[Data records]
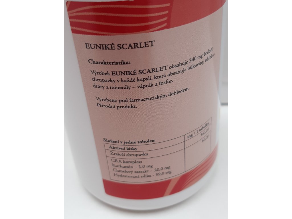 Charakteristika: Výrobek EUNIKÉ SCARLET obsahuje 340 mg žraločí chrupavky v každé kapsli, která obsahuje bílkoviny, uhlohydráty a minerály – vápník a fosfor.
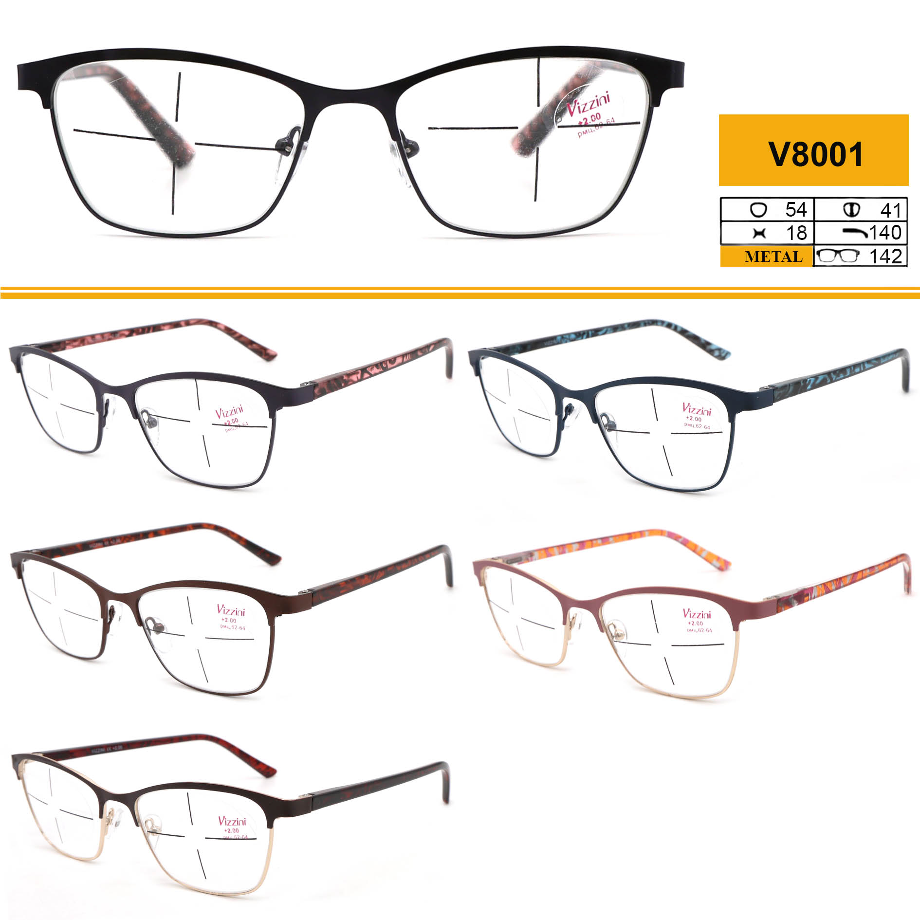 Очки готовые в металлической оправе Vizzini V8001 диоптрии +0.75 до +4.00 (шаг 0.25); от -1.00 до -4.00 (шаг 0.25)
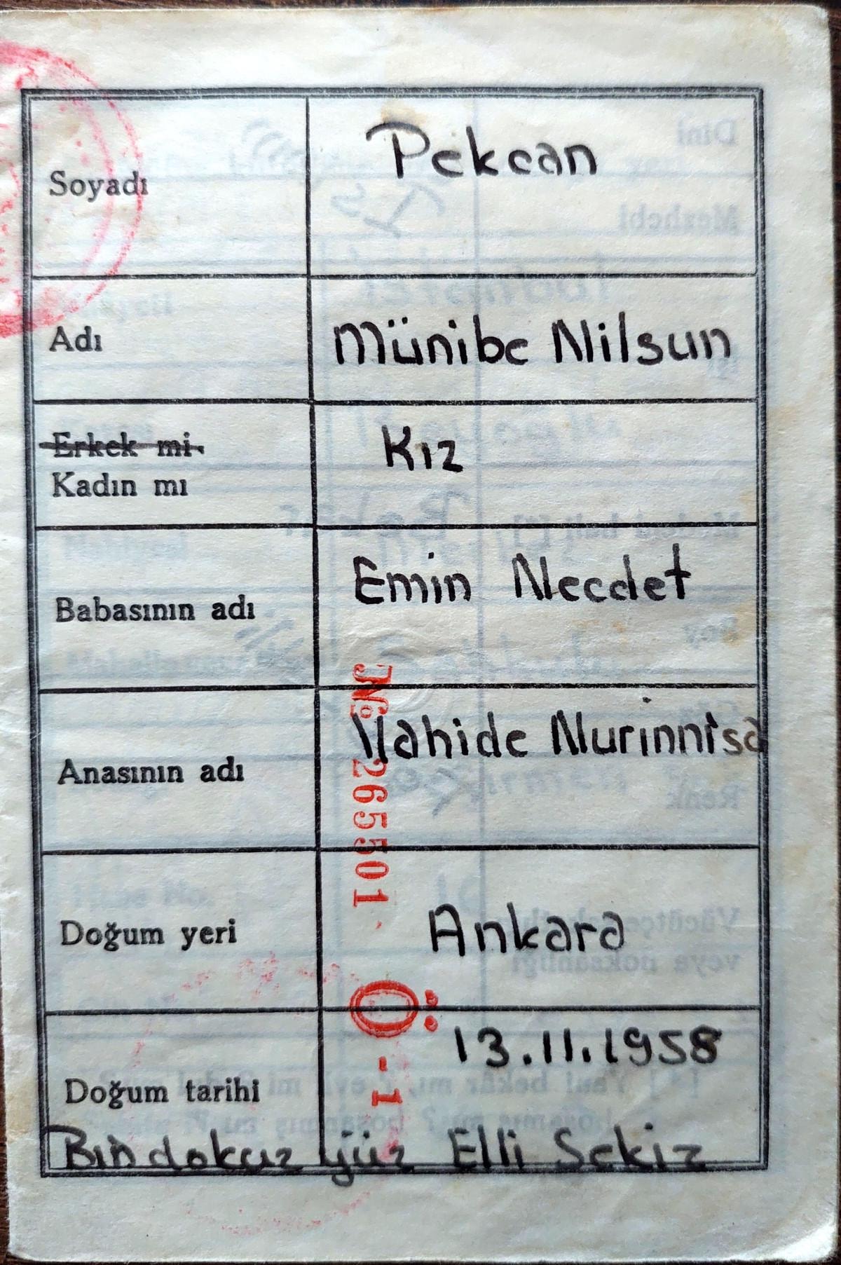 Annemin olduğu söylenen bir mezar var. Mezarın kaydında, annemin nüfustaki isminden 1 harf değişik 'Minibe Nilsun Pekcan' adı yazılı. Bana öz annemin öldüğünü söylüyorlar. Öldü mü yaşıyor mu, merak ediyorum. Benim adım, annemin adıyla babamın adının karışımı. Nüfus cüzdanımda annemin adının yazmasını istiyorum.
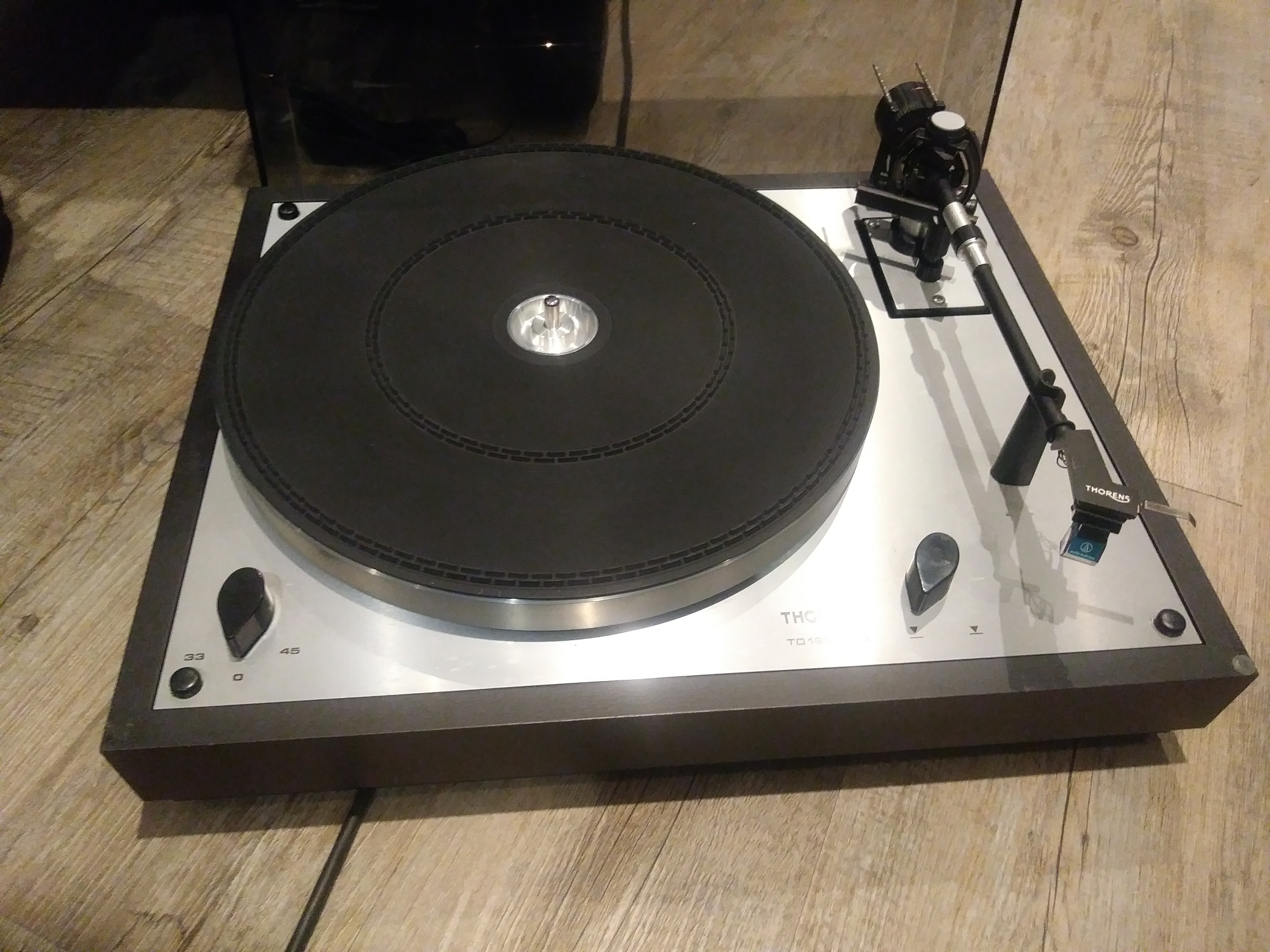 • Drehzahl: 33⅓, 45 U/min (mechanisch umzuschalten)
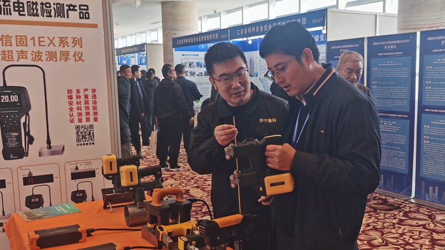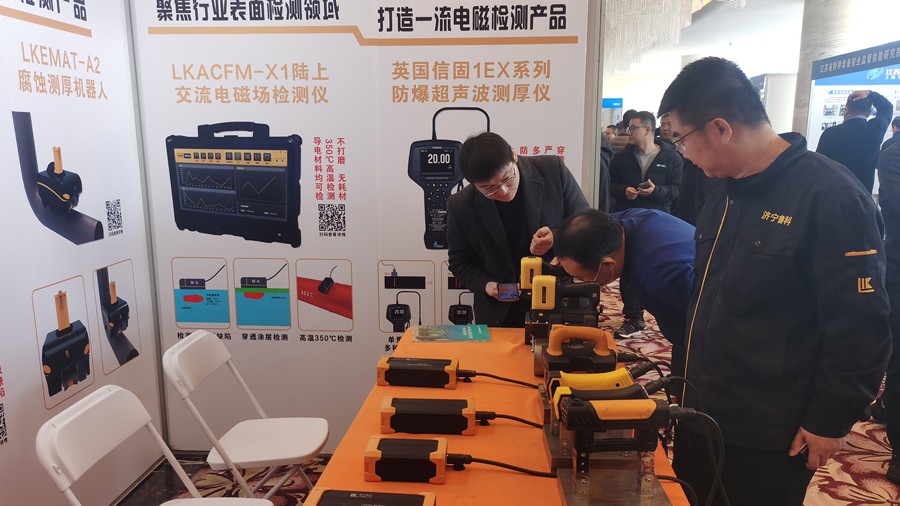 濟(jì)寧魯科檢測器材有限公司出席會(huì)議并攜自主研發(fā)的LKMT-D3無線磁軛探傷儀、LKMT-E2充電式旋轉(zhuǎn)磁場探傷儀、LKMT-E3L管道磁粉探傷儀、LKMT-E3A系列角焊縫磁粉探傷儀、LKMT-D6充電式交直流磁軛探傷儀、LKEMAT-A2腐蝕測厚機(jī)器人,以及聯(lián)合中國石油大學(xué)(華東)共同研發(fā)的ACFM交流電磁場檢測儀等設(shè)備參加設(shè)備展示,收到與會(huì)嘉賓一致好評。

- Exercise objective
Every record above should reappear exactly, with the pictures gone.

- Your solution
 Charakteristika: Výrobek EUNIKÉ SCARLET obsahuje 340 mg žraločí chrupavky v každé kapsli, která obsahuje bílkoviny, uhlohydráty a minerály – vápník a fosfor.
 Очки готовые в металлической оправе Vizzini V8001 диоптрии +0.75 до +4.00 (шаг 0.25); от -1.00 до -4.00 (шаг 0.25)
 Annemin olduğu söylenen bir mezar var. Mezarın kaydında, annemin nüfustaki isminden 1 harf değişik 'Minibe Nilsun Pekcan' adı yazılı. Bana öz annemin öldüğünü söylüyorlar. Öldü mü yaşıyor mu, merak ediyorum. Benim adım, annemin adıyla babamın adının karışımı. Nüfus cüzdanımda annemin adının yazmasını istiyorum.
 • Drehzahl: 33⅓, 45 U/min (mechanisch umzuschalten)
 濟(jì)寧魯科檢測器材有限公司出席會(huì)議并攜自主研發(fā)的LKMT-D3無線磁軛探傷儀、LKMT-E2充電式旋轉(zhuǎn)磁場探傷儀、LKMT-E3L管道磁粉探傷儀、LKMT-E3A系列角焊縫磁粉探傷儀、LKMT-D6充電式交直流磁軛探傷儀、LKEMAT-A2腐蝕測厚機(jī)器人,以及聯(lián)合中國石油大學(xué)(華東)共同研發(fā)的ACFM交流電磁場檢測儀等設(shè)備參加設(shè)備展示,收到與會(huì)嘉賓一致好評。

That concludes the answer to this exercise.